Le Domaine Pella sort du format habituel: on produit ici de toutes petites quantités de vins à forte personnalité. Pas de tralala, un tout petit caveau, un chien, une table et 4 chaises. En particulier, je succombe devant le chenin Kanniedood (traduction littérale: Immortel) 2019. Aromatique de citron vert, tension acide d’anthologie, matière importante très serrée: cela m’a évoqué un vin issu de vignes sur volcan (ce n’est pourtant pas le cas). Production limitée à 1.600 bouteilles, prix ridiculement peu élevé (R160 au Domaine, soit € 8,50). Les autres cuvées sont encore plus confidentielles: le malbec Oukliprant 2017 a été produit à hauteur de 900 bouteilles (R190), le merlot Verlatenkloof 2015 idem (R220).
Le Domaine Groot Constantia mérite une visite touristique. Pour les vins, je suis malheureusement beaucoup plus réservé.
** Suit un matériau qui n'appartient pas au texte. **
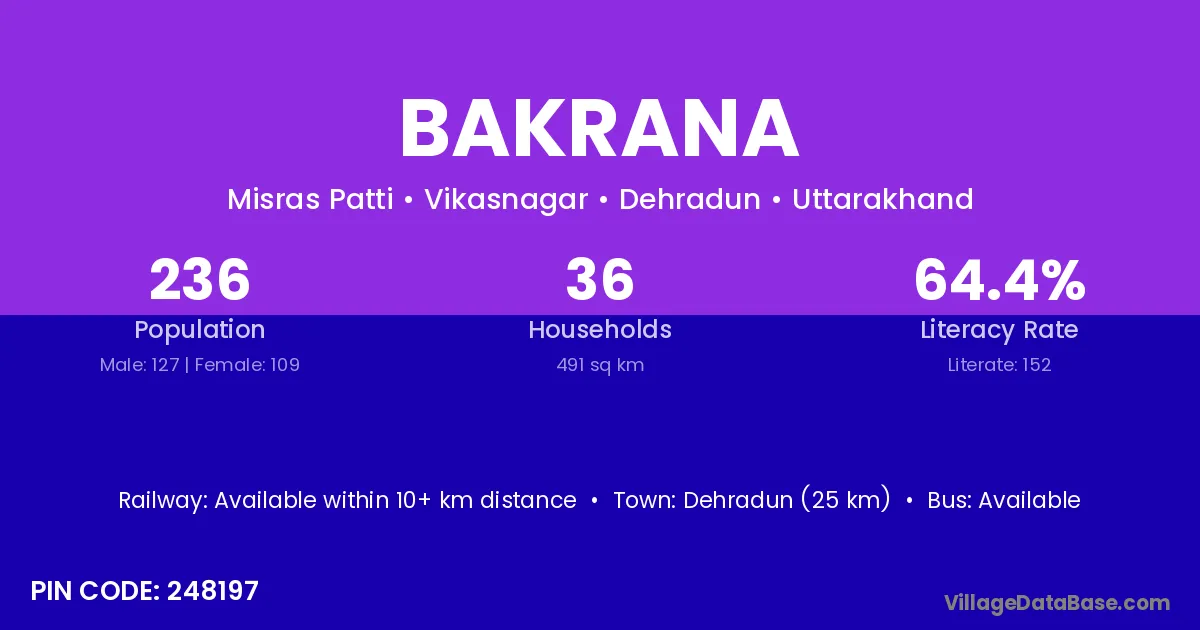 Dehradun (25 km) is the nearest town to Bakrana village for major economic activities and is located approximately 25 km away.

Pour ce qui concerne les restaurants, nous n’avons jamais mal mangé. Et nous avons souvent très bien mangé. Si je devais ne retenir qu’un seul endroit, je choisirais Chefs Warehouse Beau Constantia. Leur proposition “tapas pour 2 à R1000” (soit € 53) est magnifique: fusion d’influences thaï, japonaise, péruvienne, etc… d’une grande précision de saveurs. Le piquant et l’acide, le crémeux et le craquant, tout y est !
Et parce qu’il est vraiment difficile de n’en retenir qu’un, j’ai également adoré la combinaison huîtres et pièce de bœuf du restaurant du Domaine Longridge et le menu 4-services du restaurant Aubergine, dans le centre-ville de Cape Town.
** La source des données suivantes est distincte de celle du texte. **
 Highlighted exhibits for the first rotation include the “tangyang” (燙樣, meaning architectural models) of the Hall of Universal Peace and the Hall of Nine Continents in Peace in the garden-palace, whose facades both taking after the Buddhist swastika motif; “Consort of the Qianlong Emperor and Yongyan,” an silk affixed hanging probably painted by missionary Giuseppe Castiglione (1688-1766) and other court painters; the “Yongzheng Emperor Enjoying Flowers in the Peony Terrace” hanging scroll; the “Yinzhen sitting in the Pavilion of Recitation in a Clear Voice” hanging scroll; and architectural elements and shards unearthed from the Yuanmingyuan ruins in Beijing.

S’il venait une envie à un lecteur d’aller vérifier sur place tout ce qui précède, je signale qu’on roule à gauche (comme en Angleterre), mais que le réseau routier est d’une qualité au moins aussi bonne qu’en Belgique. Une boîte automatique et un GPS sont plus qu’utiles.
On peut se débrouiller seul, mais un guide peut transformer un chouette moment en un moment inoubliable. Nous avons rencontré John Grant (Wine Escapes) et avons bénéficié pendant plusieurs jours de ses commentaires érudits (il en sait presque autant sur les oiseaux que sur le vin), de son sens de l’organisation, de son humour. Une très belle rencontre.
Difficile de clore cet article sans évoquer ce qui me trouble depuis plusieurs jours: là comme ailleurs, les restaurants et les caveaux de dégustation ferment. La vie se paralyse progressivement, comme chez nous. Il n’y a officiellement pas encore de victimes, mais que va-t-il se passer dans un pays où beaucoup sont porteurs du HIV et vivent dans une grande promiscuité (townships) ? Putain de virus.